- [What is required]: Write out the line with "Прекрасный на вкус" and every later line through the end of the data below, exactly as given, with no pictures in the copy.

- [Dataset section]:

========================

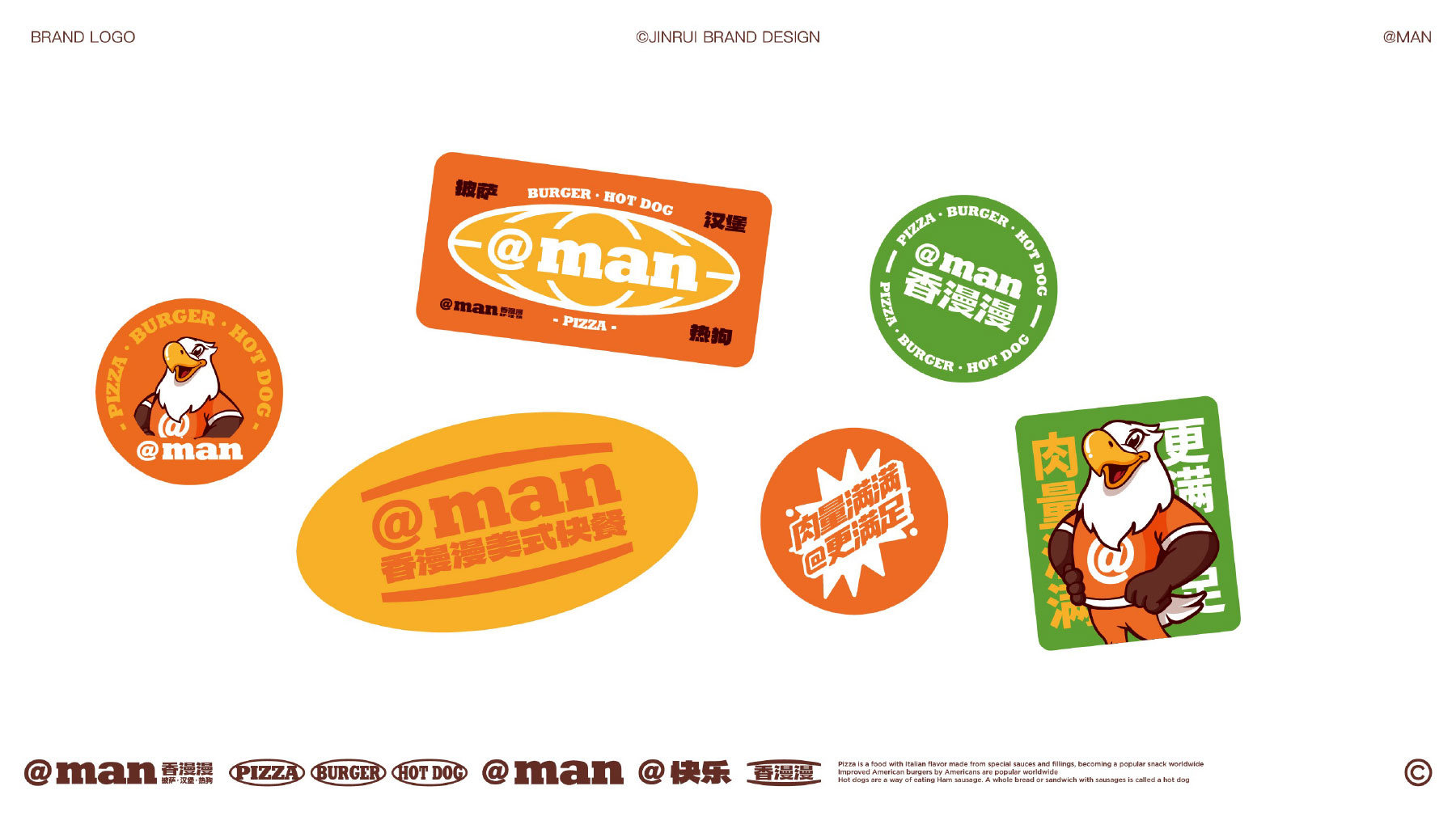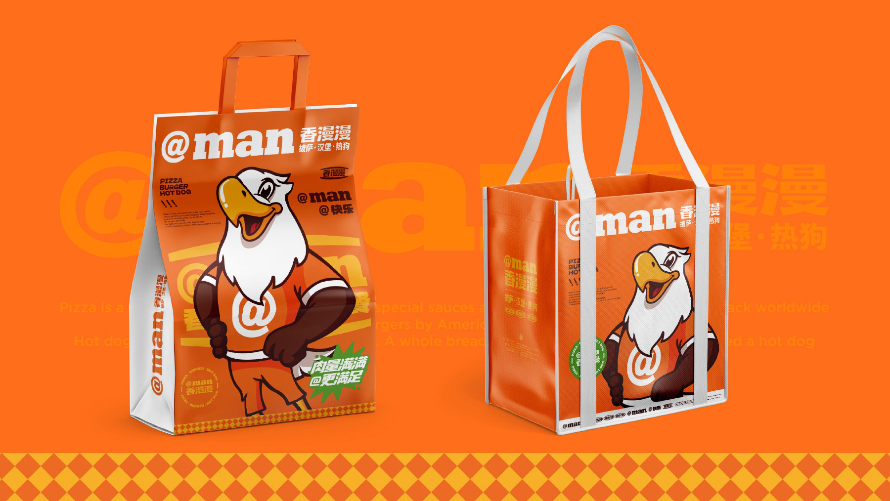今睿为香漫漫品牌进行了品牌英文命名,@man,以及@man@快乐的品牌定位,以强烈的IP形象设计,美式风格的形象打造出了香漫漫的美式快餐印象风格。
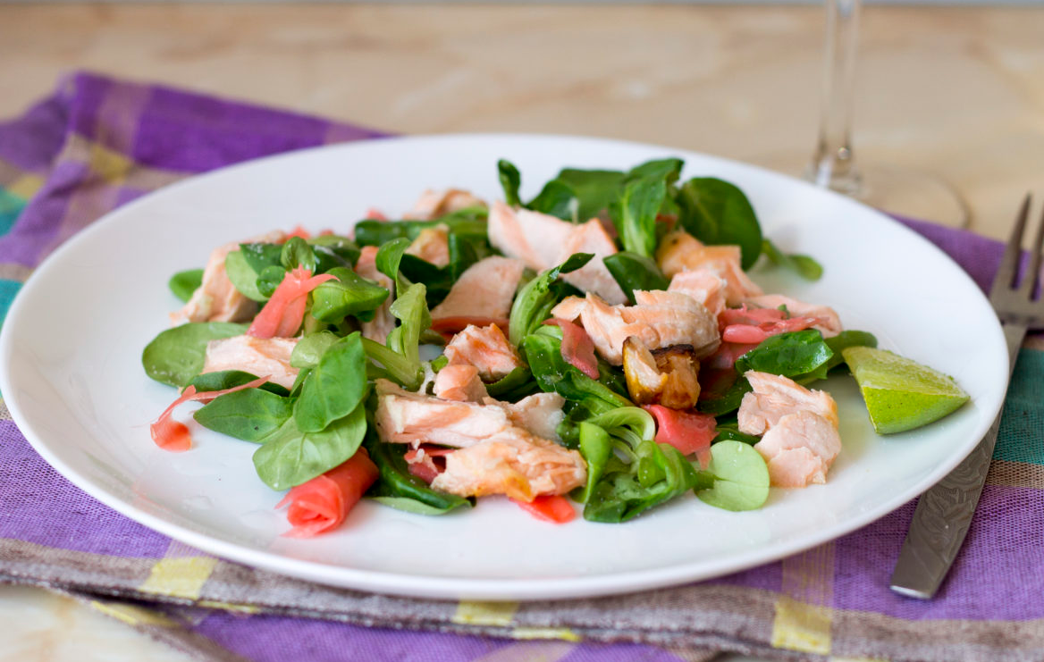 Прекрасный на вкус салат с курицей, маринованным имбирем и орехами кешью под медово-цитрусовой заправкой станет прекрасным началом дня.
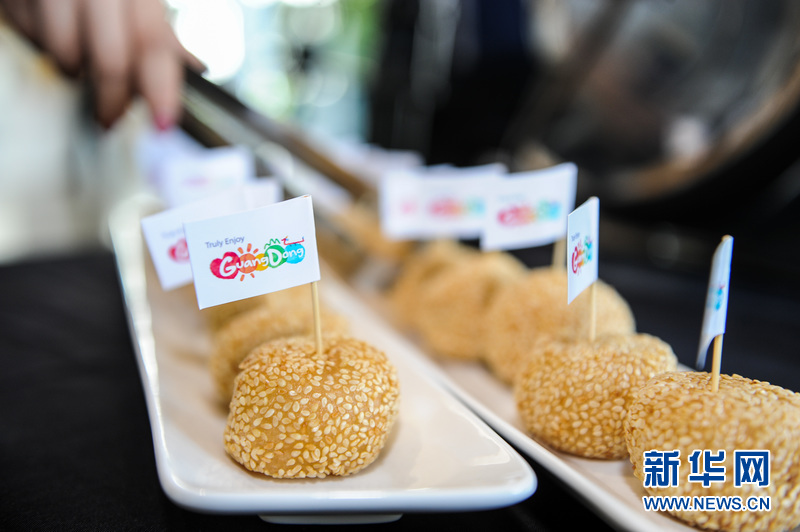 10月10日,在美国硅谷,可供品尝的广式点心。当日,广东省旅游局举办“走进硅谷——广东美食周”主题活动,向精英人群推广中国旅游。新华网记者张超群摄

========================

- [Answer space]:
 Прекрасный на вкус салат с курицей, маринованным имбирем и орехами кешью под медово-цитрусовой заправкой станет прекрасным началом дня.
 10月10日,在美国硅谷,可供品尝的广式点心。当日,广东省旅游局举办“走进硅谷——广东美食周”主题活动,向精英人群推广中国旅游。新华网记者张超群摄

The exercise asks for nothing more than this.